JAKARTA(BangsaOnline) Polda Metro Jaya
menetapkan Sitok Srengenge sebagai tersangka dalam kasus perbuatan tidak
menyenangkan terhadap seorang mahasiswi Universitas Indonesia, RW.
"Akhirnya
polisi telah menemukan bukti-bukti yang cukup. Penyidik telah
menetapkan SS sebagai tersangka," ujar Direktur Reserse Kriminal Umum
Polda Metro Jaya Komisaris Besar Polisi Heru Pranoto di Mapolda Metro
Jaya, Senin (6/10/2014).
Heru menjelaskan, untuk kasus ini,
polisi telah memeriksa 11 saksi, termasuk saksi ahli. Polisi memerlukan
keterangan dari beberapa saksi ahli untuk menguji pasal yang dikenakan.
Saksi ahli yang diperiksa terdiri atas kriminolog, ahli hukum pidana,
psikolog, psikiater, dan juga ahli antropologi.
Hari ini, surat
pemanggilan sebagai tersangka terhadap Sitok Srengenge telah dikirimkan.

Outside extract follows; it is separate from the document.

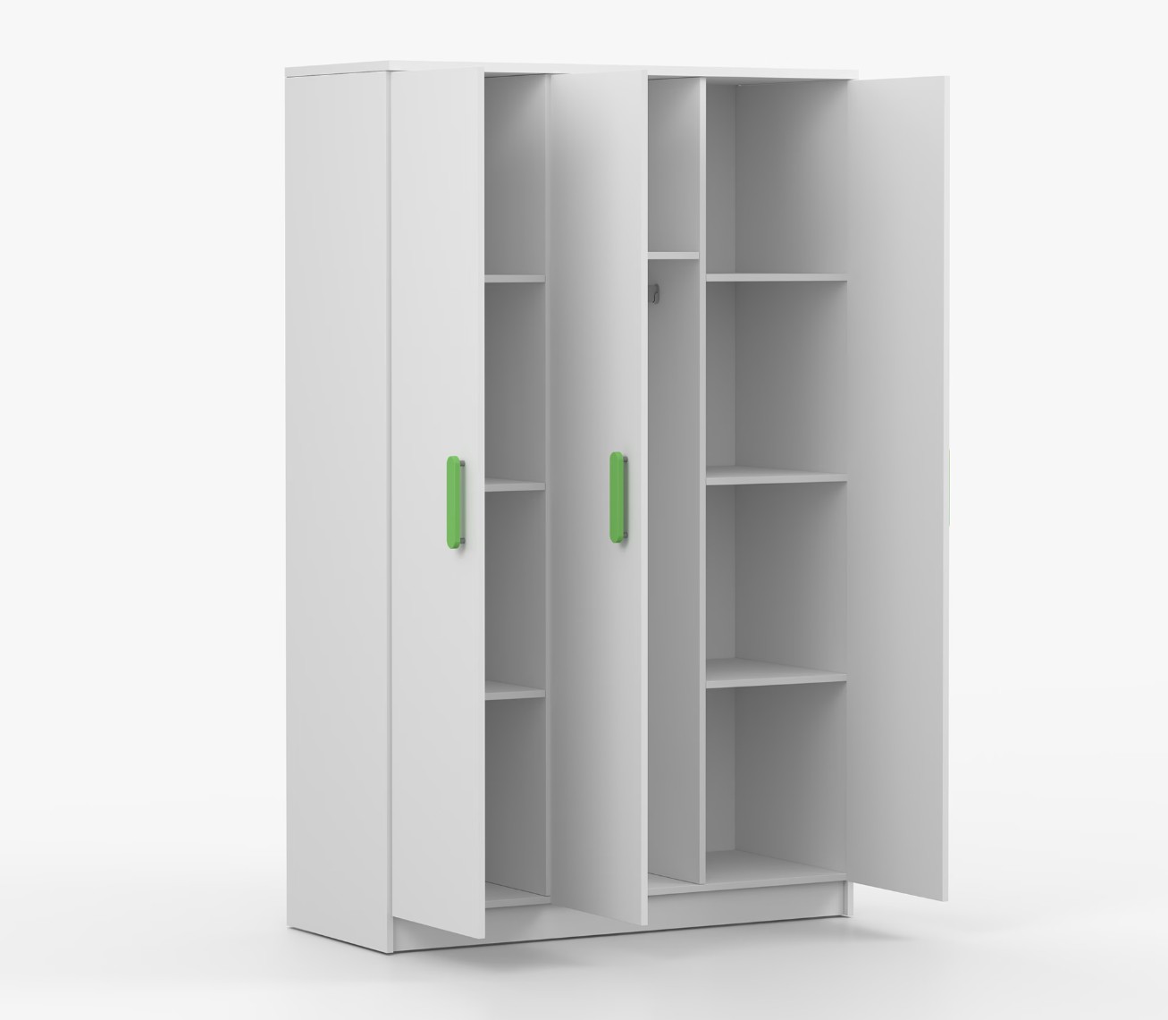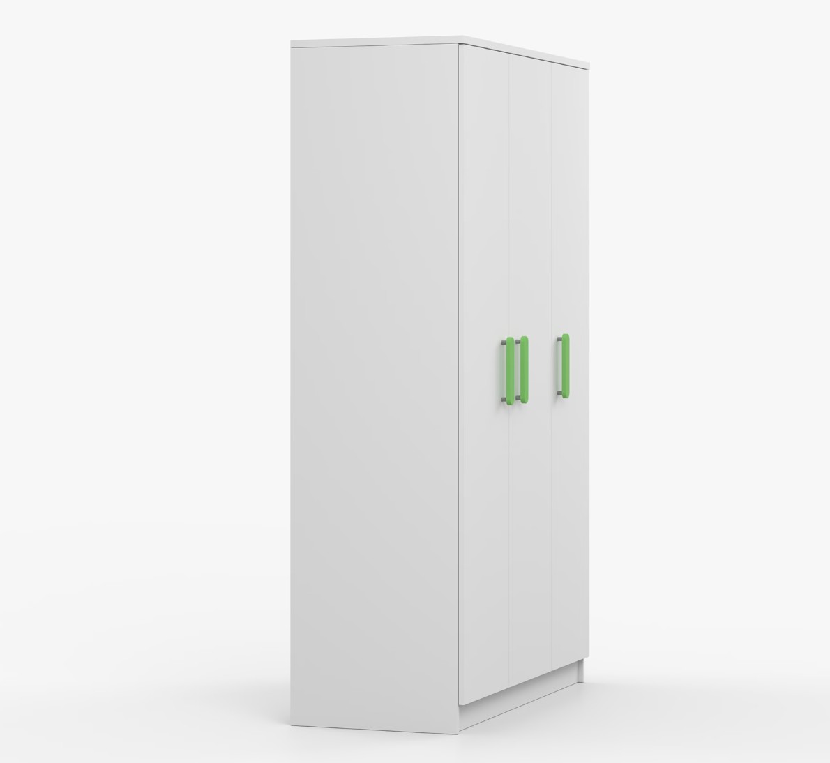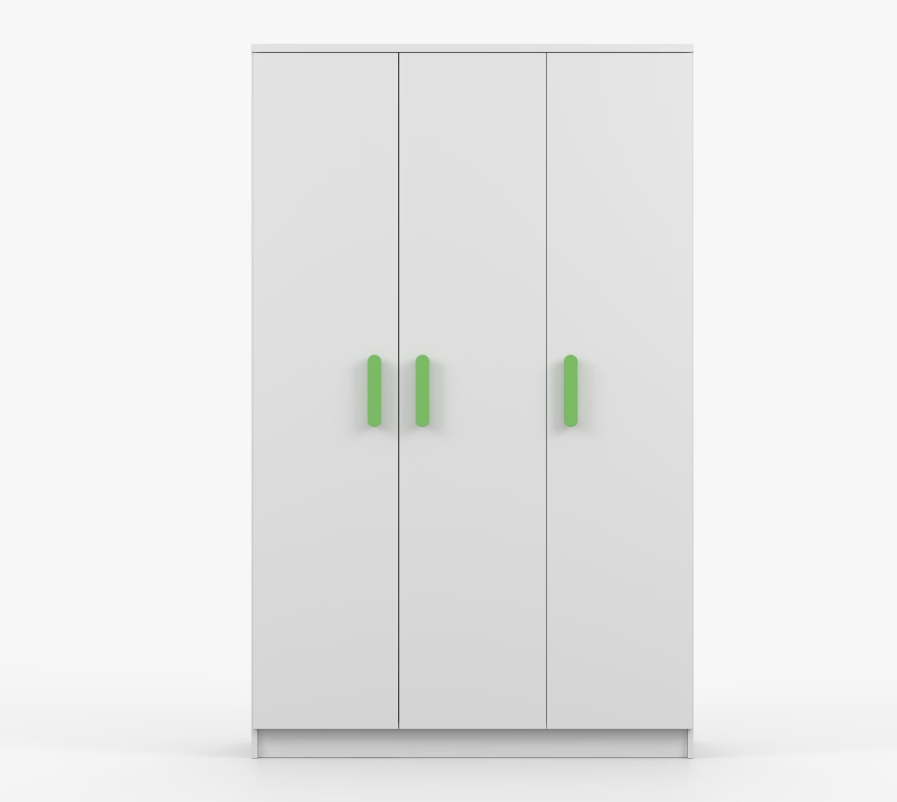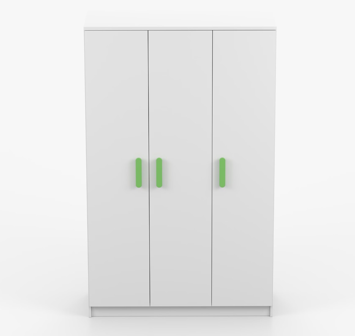 Trojdverová šatníková skriňa SMYK sa vyznačuje praktickým úložným priestorom a veľkou kapacitou. S jednoduchým a moderným dizajnom sa skriňa SMYK hodí do každého typu domácnosti – či už ide o detskú izbu alebo študentov byt. Skriňa je vyrobená z kvalitnej laminovanej dosky s hrúbkou 16 mm s odolnými ABS hranami, ktoré ju chránia pred mechanickým poškodením. Šatníková skriňa poskytuje veľký úložný priestor s dostatočným množstvom políc i miesto na zavesenie oblečenia. Dvere sú opatrené drevenými farebnými úchytkami a otvárajú sa tradičným spôsobom.

Surat itu menjadwalkan pemeriksaan Sitok untuk tiga hari ke depan.
Sitok
dikenai Pasal 335 KUHP tentang Perbuatan Tidak Menyenangkan, Pasal 286
KUHP tentang Kejahatan Terhadap Kesusilaan, dan Pasal 294 KUHP tentang
Pencabulan. Sitok diancam hukuman di atas 5 tahun penjara.
Mahasiswi
UI, RW, melaporkan Sitok ke Polda Metro Jaya pada November 2013. Kuasa
hukum RW, Iwan Pangka, mengatakan, pertemuan keduanya berawal dari
keikutsertaan Sitok ketika diminta menjadi juri pada sebuah acara di
kampus RW pada Desember 2012.
Beberapa bulan kemudian, Sitok
menghubungi RW. Hubungan mereka pun semakin intim. Hubungan itu pada
akhirnya menyebabkan RW hamil dan melahirkan seorang bayi. Pelapor kemudian mengadukan hal itu ke
polisi karena menilai Sitok tidak mau bertanggung jawab.
Penyidik
Polda Metro Jaya sempat akan menghentikan kasus dugaan perbuatan tidak
menyenangkan Sitok Srengenge terhadap RW. Penyidik kesulitan dalam
mencari alat bukti atas tuduhan korban RW terhadap Sitok.